El sepelio se efectuará en La Almudena a mediodía de hoy

El escritor Eugenio Montes murió la mañana de ayer en su domicilio, a los 85 años de edad, víctima de una necrosis medular. La capilla ardiente ha sido instalada en su domicilio de la calle Génova (Madrid), hasta el sepelio, que se celebrará hoy, a las 12.45, en el cementerio madrileño de La Almudena. Sucesor de Ramiro de Maeztu en el sillón L de la Real Academia de la Lengua, ha sido, según Luis Rosales, "uno de los escritores con una orientación más certera y un reconocimiento más escaso de la literatura española".
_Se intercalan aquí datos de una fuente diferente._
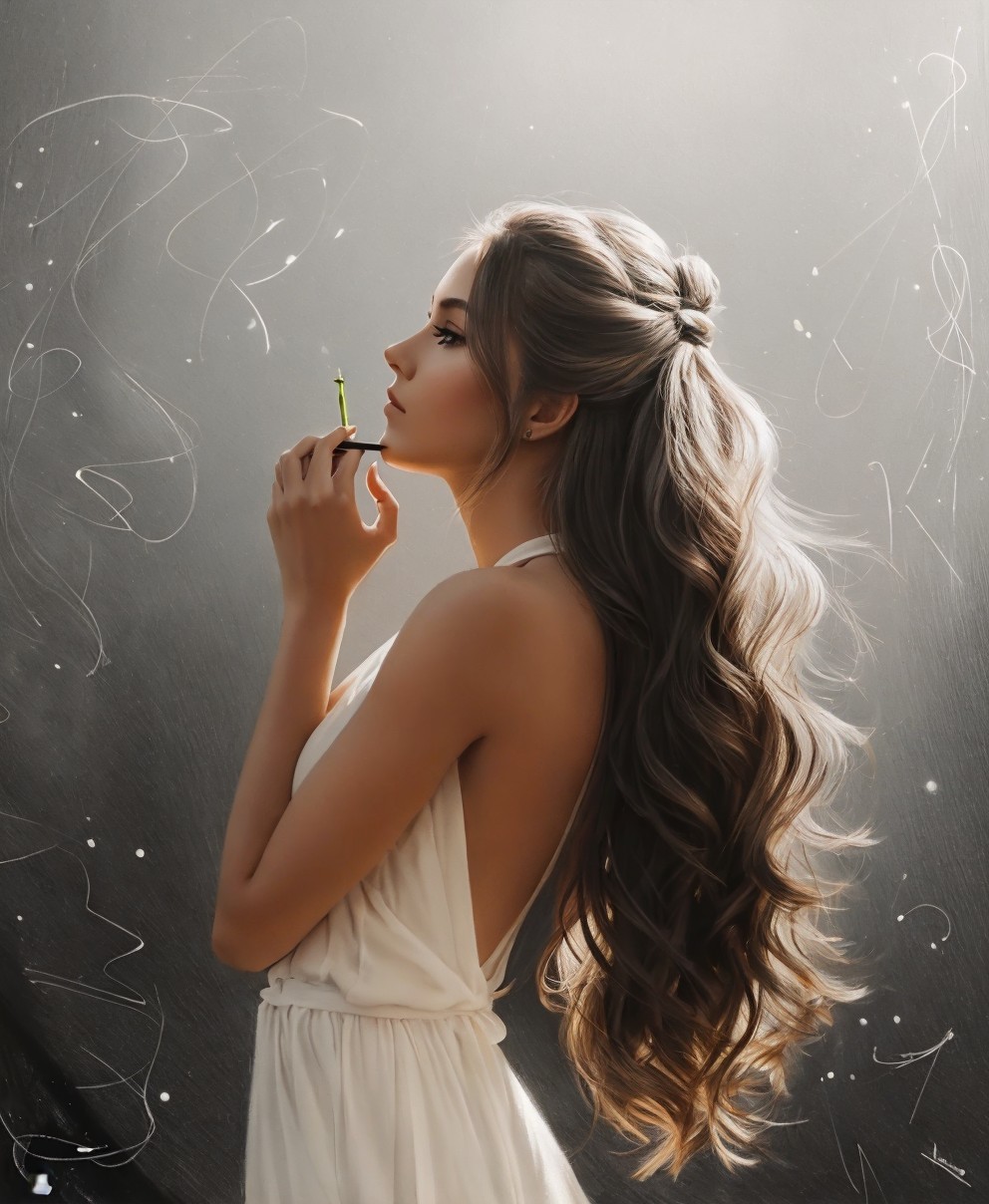 Black and white pencil sketch of a beautiful woman holding single match in front her face where the soft yellow light illuminates her beautiful features. she has her hair tied up in a messy bun with some strands of hair falling in her face.

A las 8.30 de la mañana de ayer falleció en su domicilio madrileño el escritor y académico Eugenio Montes, de 85 años de edad, víctima, según su familia, de una necrosis medular consecuencia de una larga y penosa enfermedad. La capilla ardiente, a la que desde mediodía de ayer están asistiendo numerosos amigos y compañeros de Academia del escritor fallecido, está instalada en su domicilio, de donde a mediodía de hoy saldrá el cortejo fúnebre hacia el cementerio madrileño de La Almudena, donde se celebrará el sepelio a las 12.45.La muerte del académico ha merecido los comentarios de numerosos intelectuales que han glosado su obra. Luis Rosales, reciente premio Cervantes 1982, ha declarado que Eugenio Montes "fue uno de los reformadores de la prosa española", destacando su papel de fundador, junto a Gerardo Diego, del grupo Ultraísta, desde el que, según el académico granadino, "ha tenido un gran valor de orientación en muchos aspectos de la literatura española actual".

Julián Marías, por su parte, destaca en la obra de Eugenio Montes, "un fondo de cultura que hacía muy estimable su producción literaria". Y añade: "Le conocí en 1944, y le debo gratitud ya que en aquellos años en que yo no tenía pasaporte para ir a Lisboa a ver a Ortega, él, desde su puesto oficial en el Instituto de España, me invitó a pronunciar una conferencia en la capital portuguesa, con lo que pude cumplir mi deseo. Ha sido un gran escritor", sigue el pensador y académico, "con una prosa muy trabajada y suculenta". Manuel Blanco Tobío, por su parte, ha señalado su papel como escritor gallego y como corresponsal periodístico internacional, y Luis Calvo ha tenido un emocionado recuerdo para el compañero de tertulias y charlas. Montes fue director del Instituto de España en Roma desde 1963 a 1973.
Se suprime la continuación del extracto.